Пес срыгнул и испражнился, но Коломба не разжимала хватку, пока его лапы не перестали дергаться, а потом упала на ягодицы, держась за разорванную руку. Глаза зверя остекленели. Под его тушей, там, где сломанные ребра проткнули внутренности, расползалась кровавая лужа.
Прежде чем Коломбе удалось встать, она дважды поскользнулась в болоте крови и дерьма. Истекающая кровью рука пульсировала в такт раскалывающейся голове, а бок ныл после недавнего пинка Феррари. Она нашла в ванной полотенце, чтобы остановить кровь.
Парка Данте не помешала доберману прокусить ей предплечье до кости. Обрабатывая рану перекисью водорода, Коломба заплакала от боли. Полуослепнув от слез, она, как могла, очистила руку и перевязала чистым полотенцем.
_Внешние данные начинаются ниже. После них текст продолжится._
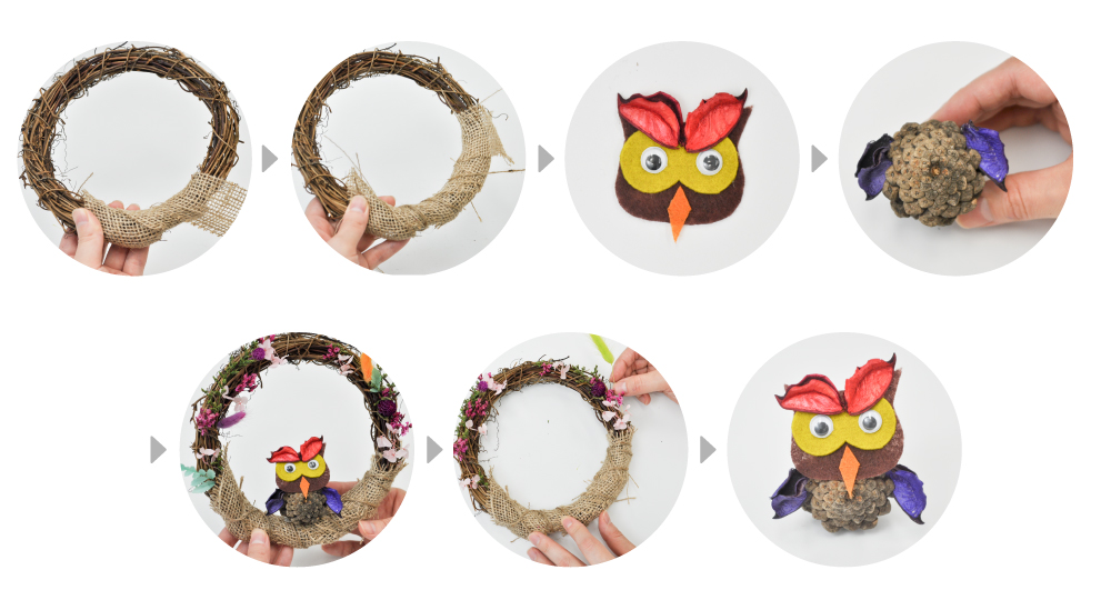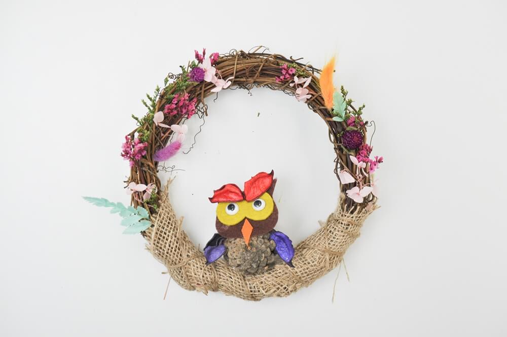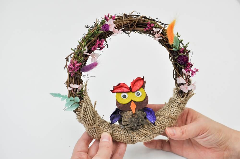 - 리스에 부엉이를 올려 부엉이 둥지를 완성합니다.
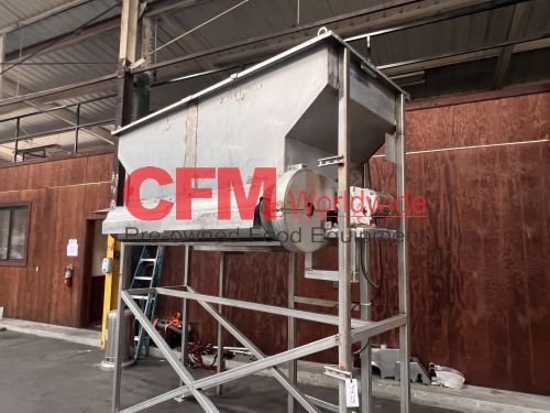 32" wide x 8' long x 32" deep stainless steel feed hopper with a 12" diameter x 6' long rotary metering valve, with catwalk, with a 2hp gearhead chain drive, 9' high infeed , 6' high discharge, as is – good condition.
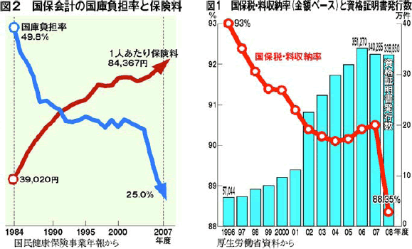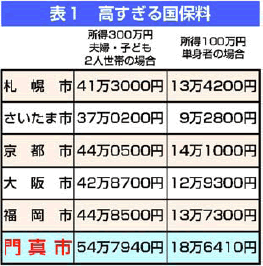 門真市の国保税は高く(表1)、収納率は八〇%を割り込み、全国ワースト二位です(二〇〇七年度)。しかも滞納率が約七〇%(二〇〇九年)。一年間で保険税を一円でも滞納した世帯を総加入世帯数で割ったもので、払えない世帯の多さを示しています。
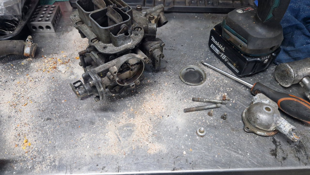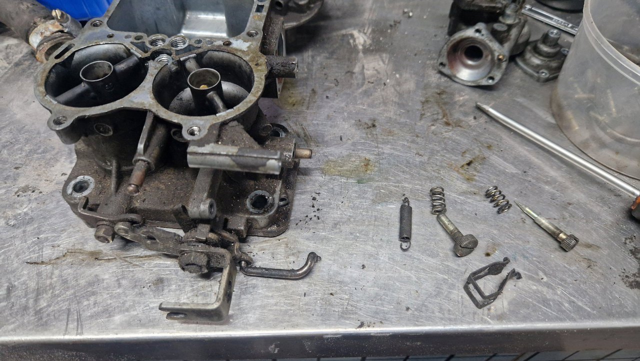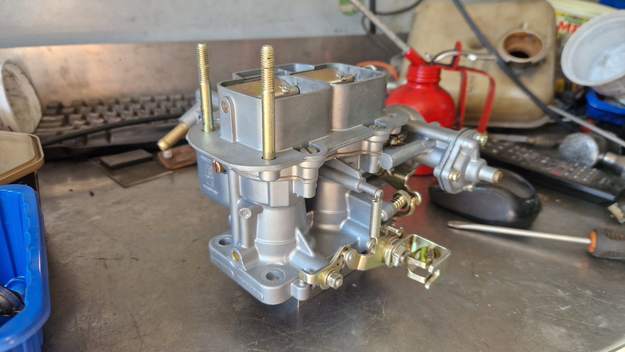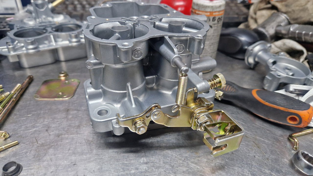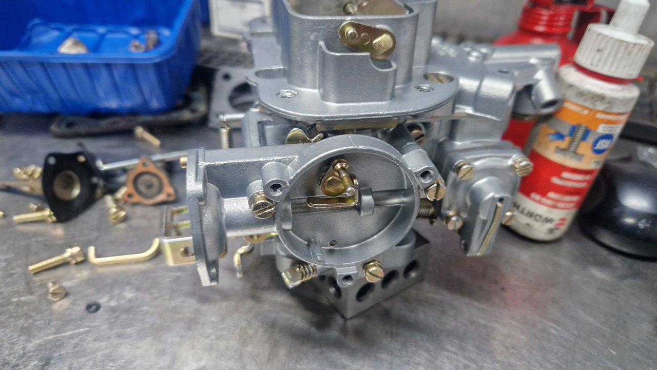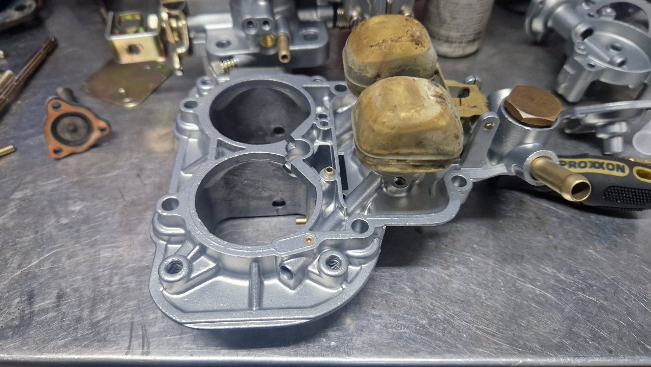 Przykręciłem go do korpusu gaźnika. Brakuje mi jeszcze odpowiedniej membrany ssania, bo w zestawie naprawczym była ta bardziej popularna. W tym gaźniku jest nieco inna.

«Какой кошмар… Что я творю…»
Нелегко будет оправдаться на допросе, но сейчас это не важно. В настоящий момент продержаться на ногах еще хотя бы час казалось ей настолько титаническим подвигом, что возможность допроса виделась смутной и отдаленной. Она, шатаясь, вернулась в коридор и подняла лежащий на краю кровавой лужи телефон. Чья это была кровь – ее или добермана, – Коломба не знала. Глаза невольно возвращались к собачьей туше, словно та может в любой момент вскочить и вцепиться в ее тело. Сил защищаться у нее больше не осталось, и сейчас она просто позволила бы разорвать себя на куски.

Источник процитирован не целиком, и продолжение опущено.